- [RECORDED INFORMATION]:

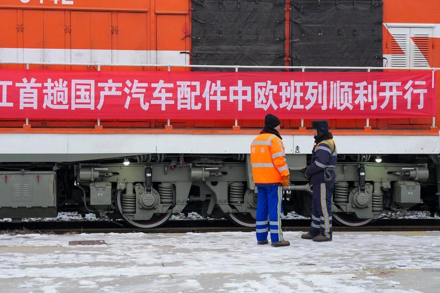 【新華社ハルビン12月20日】中国黒竜江省の鉄道を管理・運営する中国鉄路ハルビン局集団は18日、国産自動車部品を積んだ中欧班列(中国と欧州を結ぶ国際定期貨物列車)を今年初めて運行した。コンテナ55個で編成された列車は同省のハルビン国際コンテナセンター駅を出発し、内モンゴル自治区の満洲里口岸(通関地)を経て欧州へ向かう。
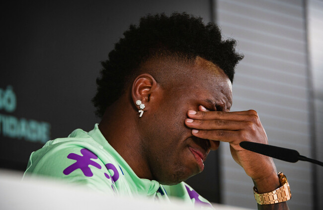 When asked again about the abuse by journalists, an emotional Vinicius Jr replied: “I’m sorry.
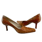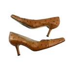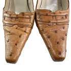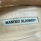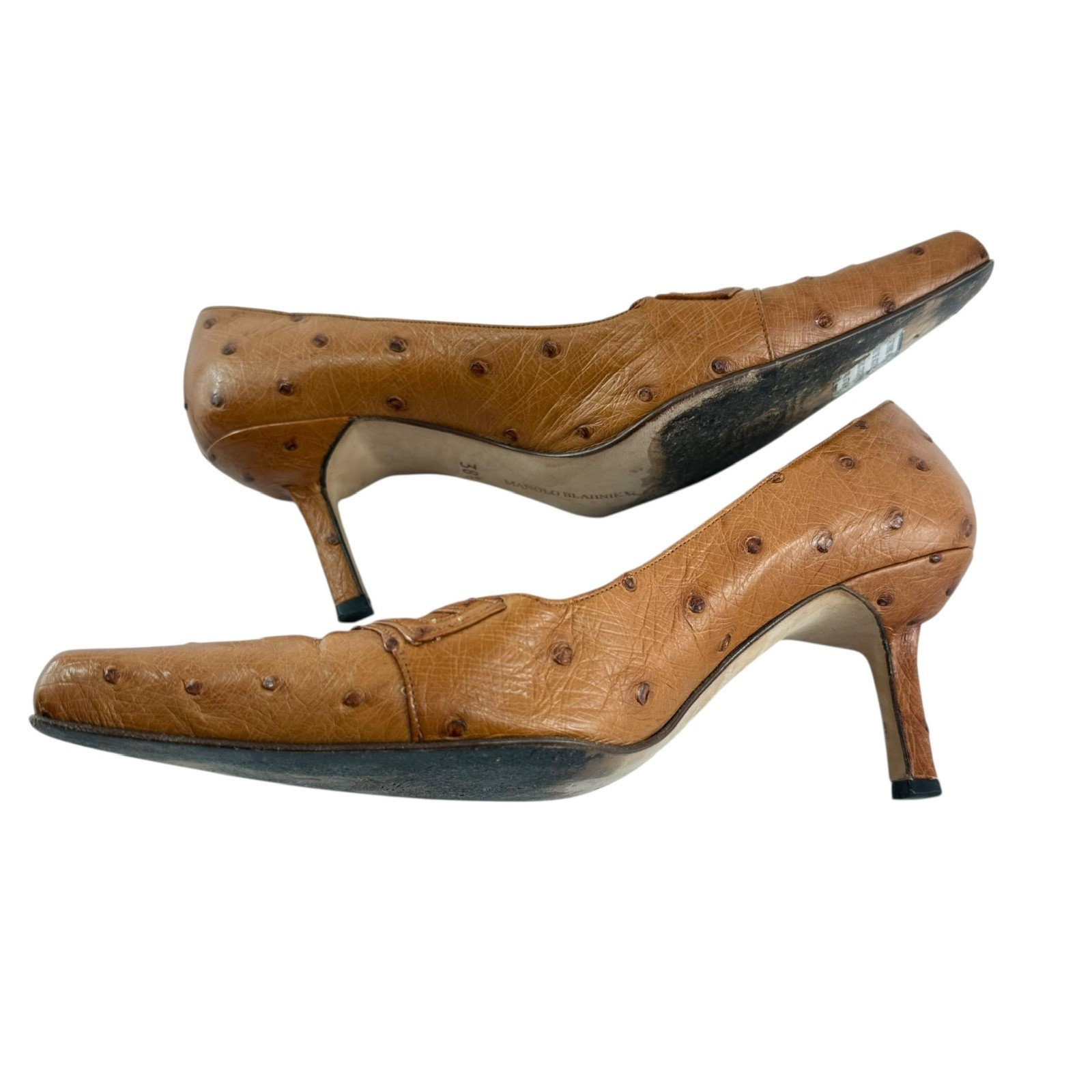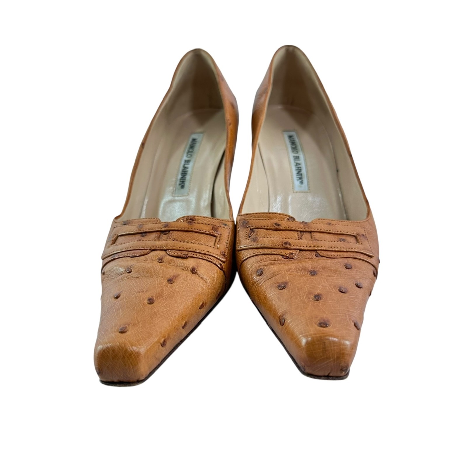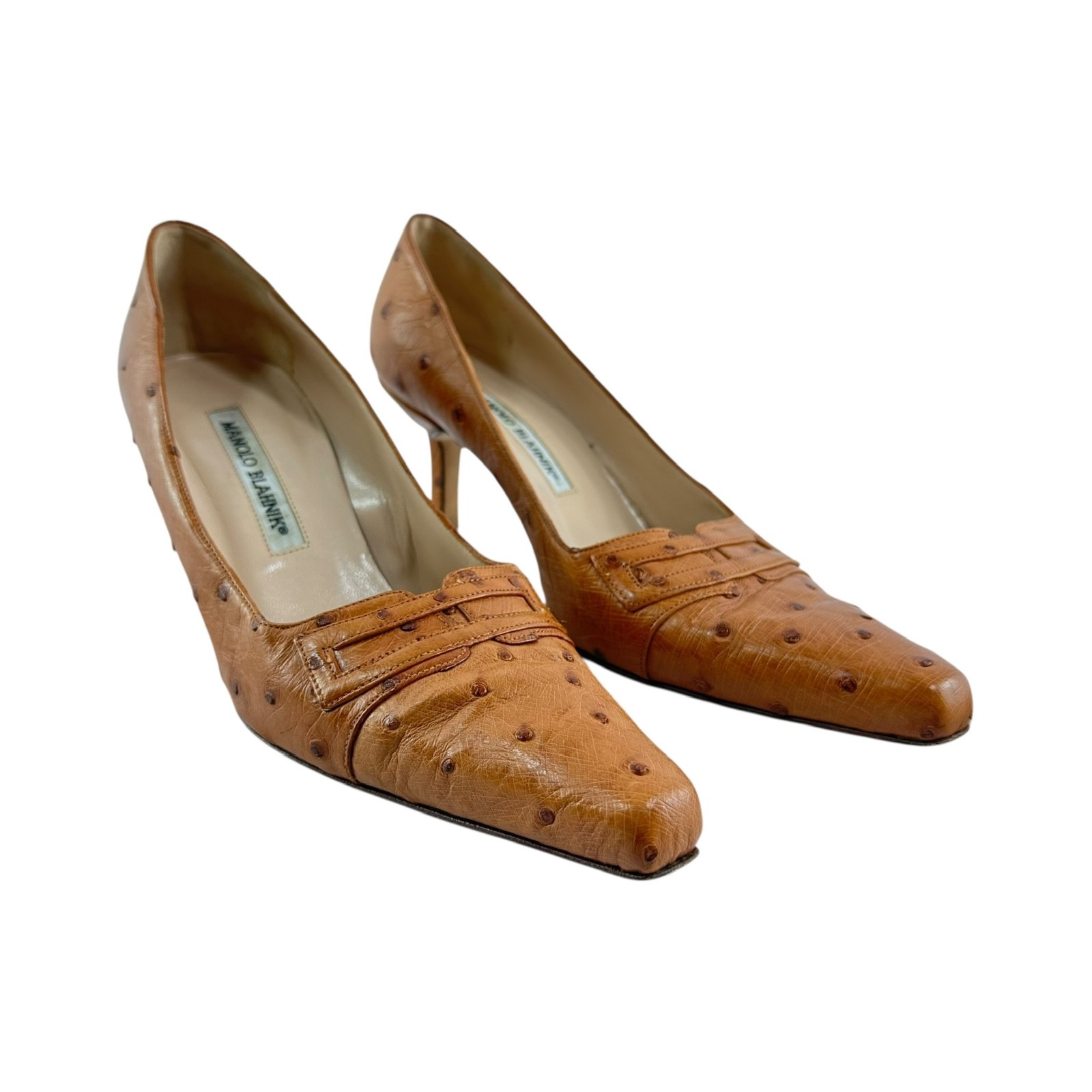 Lovely ostrich heels by Manolo Blahnik. Lined in soft leather with leather under soles. Shoes measure 3"1 at its widest base and 2"5 heel. Shoes are not new and look amazing with no tears and are made of lovely tan ostrich skin. 100% genuine Manolo Blahnik made in Italy US size 8.5. I SHIP WORLDWIDE I want to stress that item is vintage which means it's not new. All my customers are very important to me and I believe communication is very important. I do not sell or encourage any one to sell fakes. I do gladly combine shipping and items returned to me by the post office will be charged additional postage upon being reshipped. Any questions please email me and I will be more than happy to answer all your questions. No refunds. Contact Items are sold as is and if you have an questions please let me know before you purchase item. Shipping Shipping is done with USPS priority mail within the U.S. and shipping takes 4-5 business days from the date of payment. Please note I do combine shipping. If you have any questions please feel free to email me.

- [WORK TASK]: A verbatim retyping of the listing, without any pictures, is the expected answer.

- [RESULT]:
 【新華社ハルビン12月20日】中国黒竜江省の鉄道を管理・運営する中国鉄路ハルビン局集団は18日、国産自動車部品を積んだ中欧班列(中国と欧州を結ぶ国際定期貨物列車)を今年初めて運行した。コンテナ55個で編成された列車は同省のハルビン国際コンテナセンター駅を出発し、内モンゴル自治区の満洲里口岸(通関地)を経て欧州へ向かう。
 When asked again about the abuse by journalists, an emotional Vinicius Jr replied: “I’m sorry.
 Lovely ostrich heels by Manolo Blahnik. Lined in soft leather with leather under soles. Shoes measure 3"1 at its widest base and 2"5 heel. Shoes are not new and look amazing with no tears and are made of lovely tan ostrich skin. 100% genuine Manolo Blahnik made in Italy US size 8.5. I SHIP WORLDWIDE I want to stress that item is vintage which means it's not new. All my customers are very important to me and I believe communication is very important. I do not sell or encourage any one to sell fakes. I do gladly combine shipping and items returned to me by the post office will be charged additional postage upon being reshipped. Any questions please email me and I will be more than happy to answer all your questions. No refunds. Contact Items are sold as is and if you have an questions please let me know before you purchase item. Shipping Shipping is done with USPS priority mail within the U.S. and shipping takes 4-5 business days from the date of payment. Please note I do combine shipping. If you have any questions please feel free to email me.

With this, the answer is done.